*** EXERCISE MATERIAL

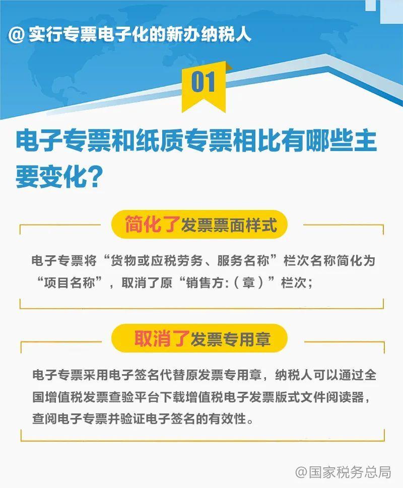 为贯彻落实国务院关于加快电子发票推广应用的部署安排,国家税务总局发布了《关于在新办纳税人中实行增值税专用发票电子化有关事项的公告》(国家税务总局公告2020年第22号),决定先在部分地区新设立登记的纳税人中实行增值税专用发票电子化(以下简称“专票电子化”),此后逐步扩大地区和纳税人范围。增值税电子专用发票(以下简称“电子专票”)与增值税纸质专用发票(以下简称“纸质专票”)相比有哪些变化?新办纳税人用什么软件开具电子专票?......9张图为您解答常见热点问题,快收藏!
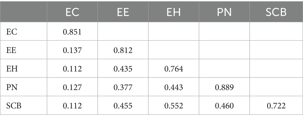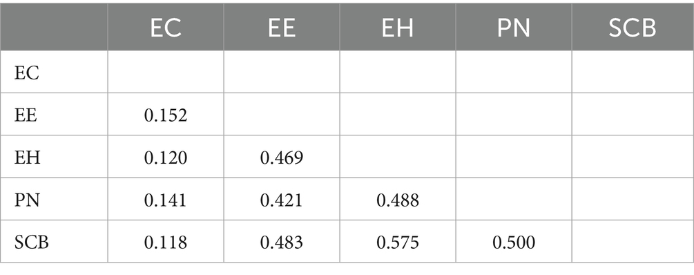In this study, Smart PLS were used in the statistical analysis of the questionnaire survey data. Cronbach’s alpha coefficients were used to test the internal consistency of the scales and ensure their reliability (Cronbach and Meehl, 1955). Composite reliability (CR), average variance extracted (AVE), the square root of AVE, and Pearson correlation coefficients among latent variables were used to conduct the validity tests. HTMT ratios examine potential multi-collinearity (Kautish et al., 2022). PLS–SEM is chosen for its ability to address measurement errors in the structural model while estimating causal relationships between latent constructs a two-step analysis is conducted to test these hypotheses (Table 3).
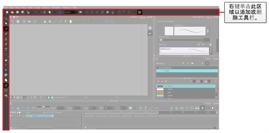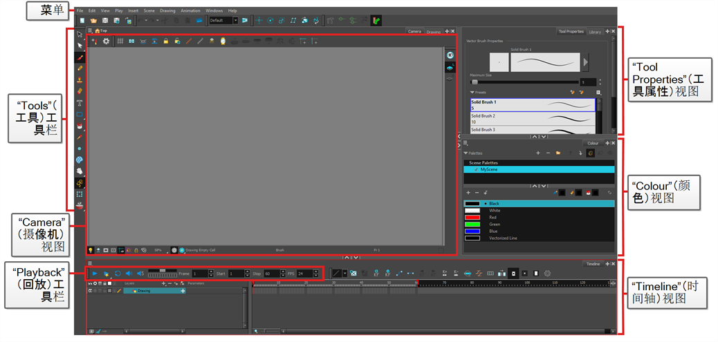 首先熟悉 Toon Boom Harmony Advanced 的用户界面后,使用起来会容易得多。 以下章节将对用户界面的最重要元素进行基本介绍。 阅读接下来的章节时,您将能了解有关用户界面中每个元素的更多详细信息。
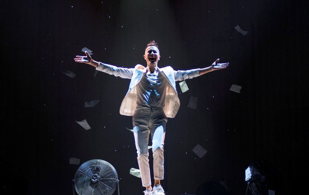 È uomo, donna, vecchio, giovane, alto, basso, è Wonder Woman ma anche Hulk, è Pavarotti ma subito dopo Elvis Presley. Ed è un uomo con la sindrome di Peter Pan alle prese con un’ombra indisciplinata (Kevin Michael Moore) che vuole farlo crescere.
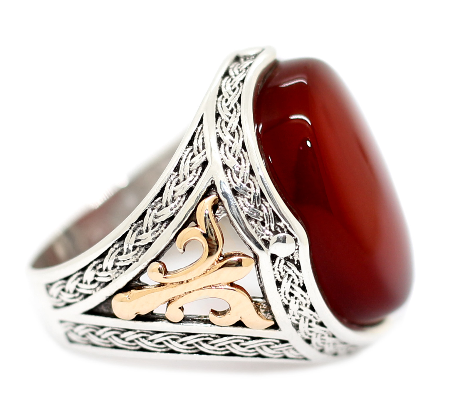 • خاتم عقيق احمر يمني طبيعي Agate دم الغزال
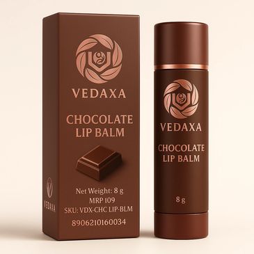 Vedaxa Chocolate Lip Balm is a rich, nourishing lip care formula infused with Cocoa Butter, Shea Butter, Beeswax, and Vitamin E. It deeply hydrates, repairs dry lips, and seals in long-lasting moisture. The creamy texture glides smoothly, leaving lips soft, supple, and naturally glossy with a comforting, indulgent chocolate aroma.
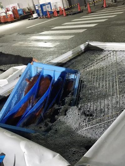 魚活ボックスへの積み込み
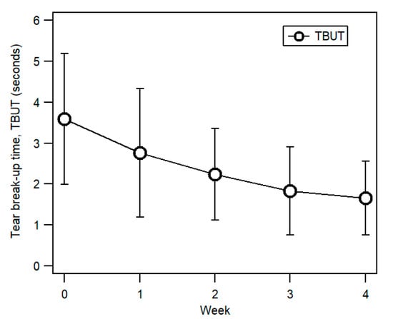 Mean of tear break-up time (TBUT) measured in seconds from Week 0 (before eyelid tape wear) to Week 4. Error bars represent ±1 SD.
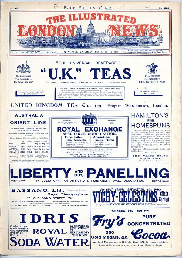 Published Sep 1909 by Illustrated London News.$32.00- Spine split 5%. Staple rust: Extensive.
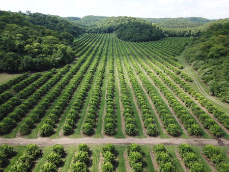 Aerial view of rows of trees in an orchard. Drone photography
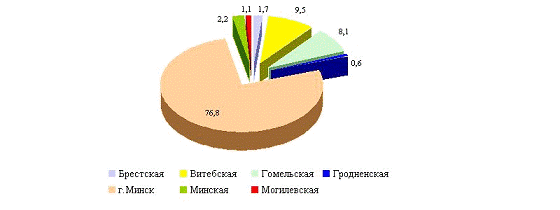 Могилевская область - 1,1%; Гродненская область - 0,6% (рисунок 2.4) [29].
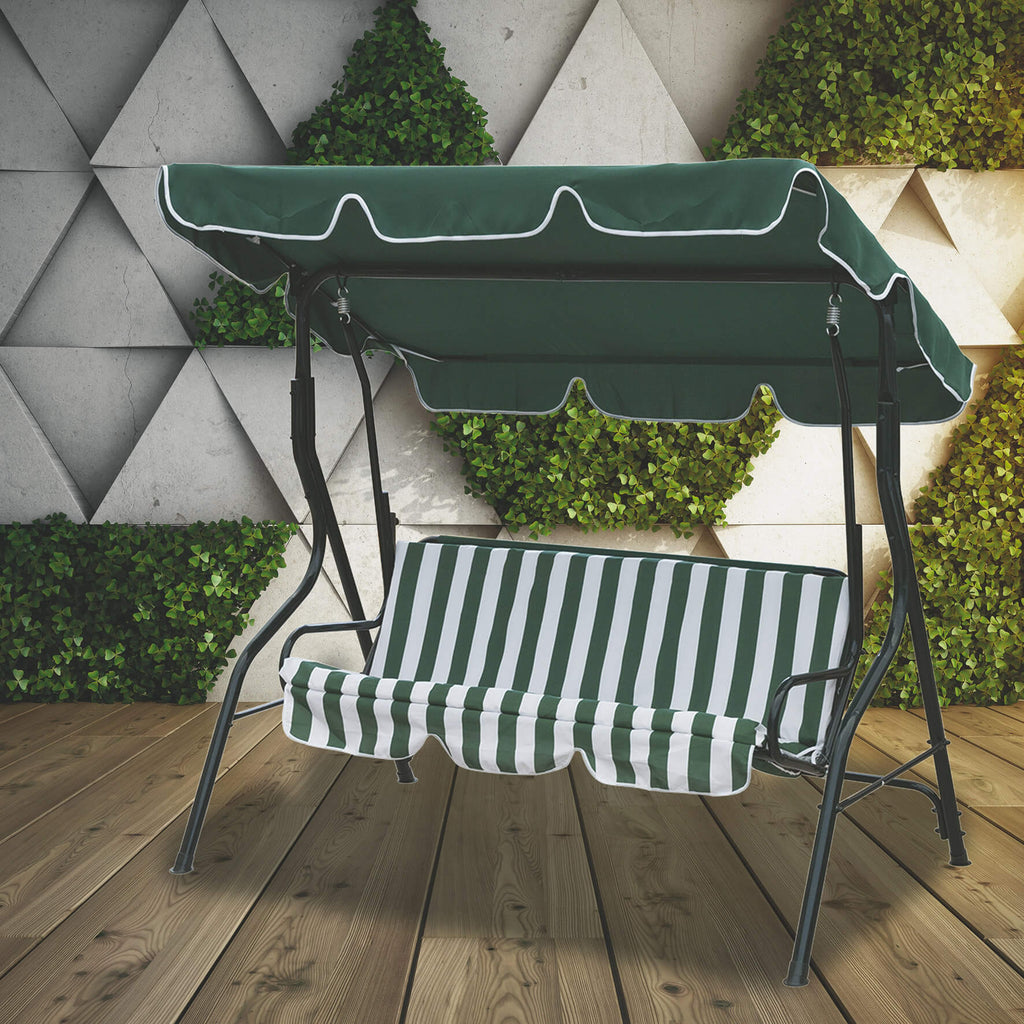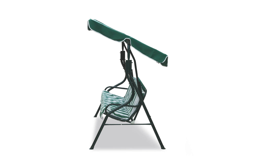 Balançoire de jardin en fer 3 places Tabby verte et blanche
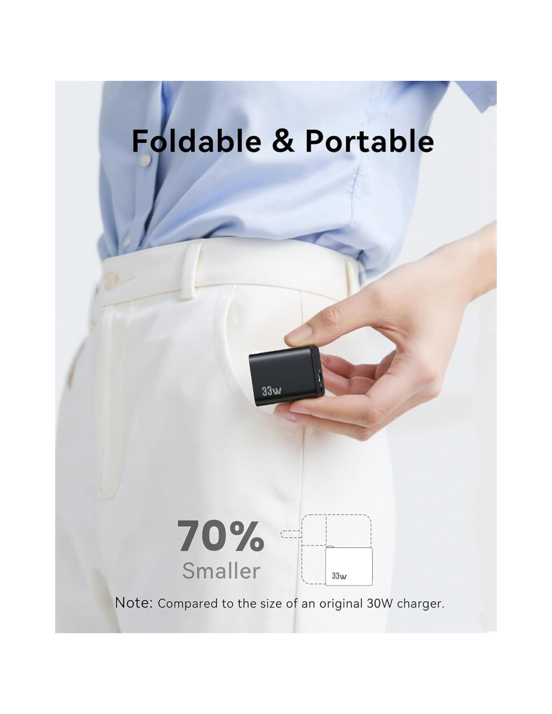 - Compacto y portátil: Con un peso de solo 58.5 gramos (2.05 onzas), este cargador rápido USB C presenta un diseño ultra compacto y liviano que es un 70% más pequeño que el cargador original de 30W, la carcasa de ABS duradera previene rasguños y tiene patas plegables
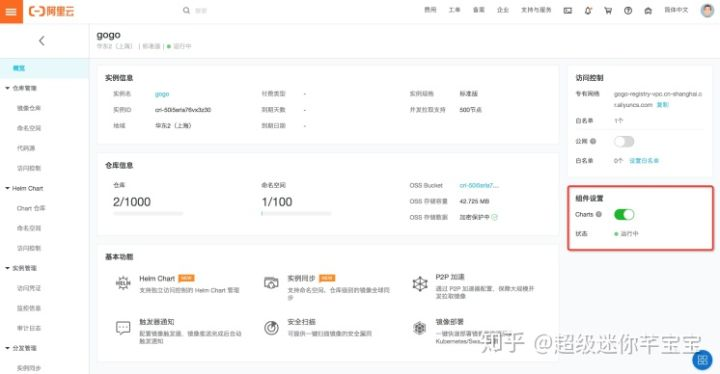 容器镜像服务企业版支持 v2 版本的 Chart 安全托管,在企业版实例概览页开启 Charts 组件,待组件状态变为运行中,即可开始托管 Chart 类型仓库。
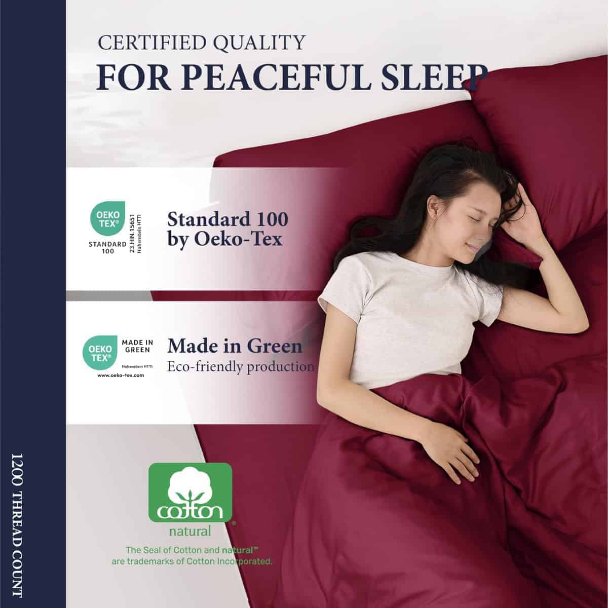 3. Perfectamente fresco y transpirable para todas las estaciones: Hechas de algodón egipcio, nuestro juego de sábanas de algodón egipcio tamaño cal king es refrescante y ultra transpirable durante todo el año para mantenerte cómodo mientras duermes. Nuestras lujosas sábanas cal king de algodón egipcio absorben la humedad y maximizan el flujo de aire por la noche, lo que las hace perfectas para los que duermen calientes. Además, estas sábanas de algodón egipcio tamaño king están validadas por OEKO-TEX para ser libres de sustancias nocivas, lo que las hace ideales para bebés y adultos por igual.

******

*WHAT NEEDS TO BE DONE*: With all pictures left out, please transcribe exactly the lines from the start of the material through the line with "È uomo, donna, vecchio, giovane, alto, basso, è".

*RESULT FOR THIS TASK*:
 为贯彻落实国务院关于加快电子发票推广应用的部署安排,国家税务总局发布了《关于在新办纳税人中实行增值税专用发票电子化有关事项的公告》(国家税务总局公告2020年第22号),决定先在部分地区新设立登记的纳税人中实行增值税专用发票电子化(以下简称“专票电子化”),此后逐步扩大地区和纳税人范围。增值税电子专用发票(以下简称“电子专票”)与增值税纸质专用发票(以下简称“纸质专票”)相比有哪些变化?新办纳税人用什么软件开具电子专票?......9张图为您解答常见热点问题,快收藏!
In this study, Smart PLS were used in the statistical analysis of the questionnaire survey data. Cronbach’s alpha coefficients were used to test the internal consistency of the scales and ensure their reliability (Cronbach and Meehl, 1955). Composite reliability (CR), average variance extracted (AVE), the square root of AVE, and Pearson correlation coefficients among latent variables were used to conduct the validity tests. HTMT ratios examine potential multi-collinearity (Kautish et al., 2022). PLS–SEM is chosen for its ability to address measurement errors in the structural model while estimating causal relationships between latent constructs a two-step analysis is conducted to test these hypotheses (Table 3).
 首先熟悉 Toon Boom Harmony Advanced 的用户界面后,使用起来会容易得多。 以下章节将对用户界面的最重要元素进行基本介绍。 阅读接下来的章节时,您将能了解有关用户界面中每个元素的更多详细信息。
 È uomo, donna, vecchio, giovane, alto, basso, è Wonder Woman ma anche Hulk, è Pavarotti ma subito dopo Elvis Presley. Ed è un uomo con la sindrome di Peter Pan alle prese con un’ombra indisciplinata (Kevin Michael Moore) che vuole farlo crescere.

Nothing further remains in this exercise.